Это было низкое, длинное помещение, не так давно размалеванное бежавшим из Петрограда знаменитым левым художником Валетом. Потолок в «Би-Ба-Бо» был черный, с большими звездами из серебряной бумаги. По черным стенам как бы неслись, подхваченные ураганом, желтые, оранжевые, кирпичные призраки с растопыренными ногами и руками, – угловатые схемы мужчин и женщин. Для кабака эта стенная живопись была слишком серьезна: ужас, а уж никак не чувственность, гнал по стенам это оголенное стадо. Капиталист, вложивший деньги в это предприятие, – тот же Паприкаки, – сказал однажды: «Вырвите мне ноги из туловища, если я понимаю эту мазню, меня от нее тошнит, а публике нравится…»
Рощин пообедал и пил вино. Поезд уходил в четыре утра, – он решил пробыть здесь до трех, а там будет видно… Ему было тепло, в голове слегка шумело.
Официант, – татарин из московского невозвратного «Яра», старый знакомый, – часто подходил, брал из ведра бутылки и, нагнувшись, наливая, говорил:
– Извините, Вадим Петрович, я все к вам пристаю… Вспомнишь Москву… Эх! Видите, как здесь живем. Во сне даже снится эта шушера…
Несмотря на тревожное настроение в городе, – где на окраинах и в темноте переулков раздавались одиночные выстрелы и конные гетманские стражники, проезжая вверх к губернаторскому дворцу, старались их не слышать, – несмотря на панику сегодняшней черной биржи, ресторан был полон. Кабаре еще не начиналось. На маленькой сцене сидел у пианино длинный молодой человек с вытянутой шеей, толщиной в руку, с растущими дыбом негритянскими волосами, съехавшими на затылок. Он играл попурри из опереток.
Вокруг столика Рощина было шумно и пьяно. Несколько помещиков, не выдержав томления у себя в номере среди разочарованных дочерей, встряхивались здесь за графинчиком…

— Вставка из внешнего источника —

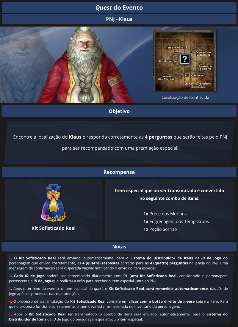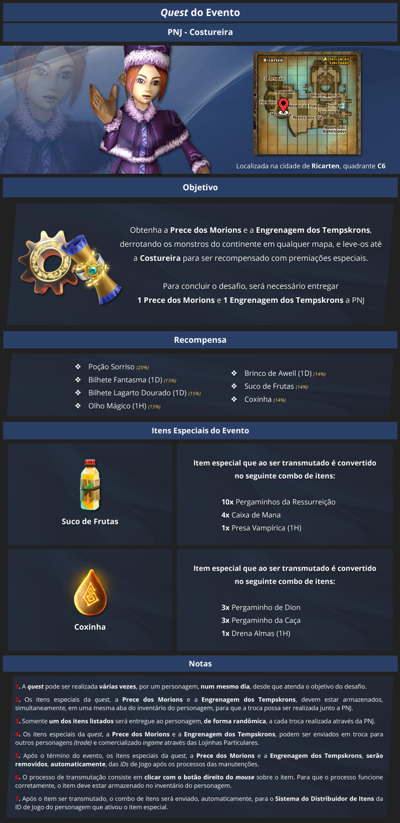 Converse com o Klaus todos os dias e receba presentes diários. Auxilie a Costureira trocando Engrenagens dos Tempskrons e Preces dos Morions por recompensas incríveis.

– Уверяю вас, – кричал один с холеными щеками, – немцам теперь капут! К новому году английский экспедиционный корпус будет в Москве. Будем пить скоч-виски. Нет худа без добра! – Разинув рот с отличными зубами, добряк хохотал. – Получается: ура германской революции!
Другой, изысканно тощий, с глазами, насмешливо мерцающими из глубины пепельных впадин, поднял руку, прося внимания:
– Лорд-канцлер в палате лордов сидит, как известно, на мешке с шерстью… А симбирское дворянство гордилось, что у них в собрании на дворе стоит мраморный столп – в утверждение того, что с господами столбовыми дворянами во веки веков ничего неприятного не случится… А посему беспечально дремали под сенью лопухов… История российского дворянства кончена, – мешка с шерстью нам не хватало… Равно как история матушки– России кончена, господа… Повесть о городе Глупове прочитана, книжку швырнули в угол. И случилось это не в грозу и бурю, как сказал один умнейший человек, а в простой понедельник, – бог плюнул и задул свечку… Еще в четырнадцатом году я продал землишку, и с тех пор – гражданин вселенной… Так-то вернее…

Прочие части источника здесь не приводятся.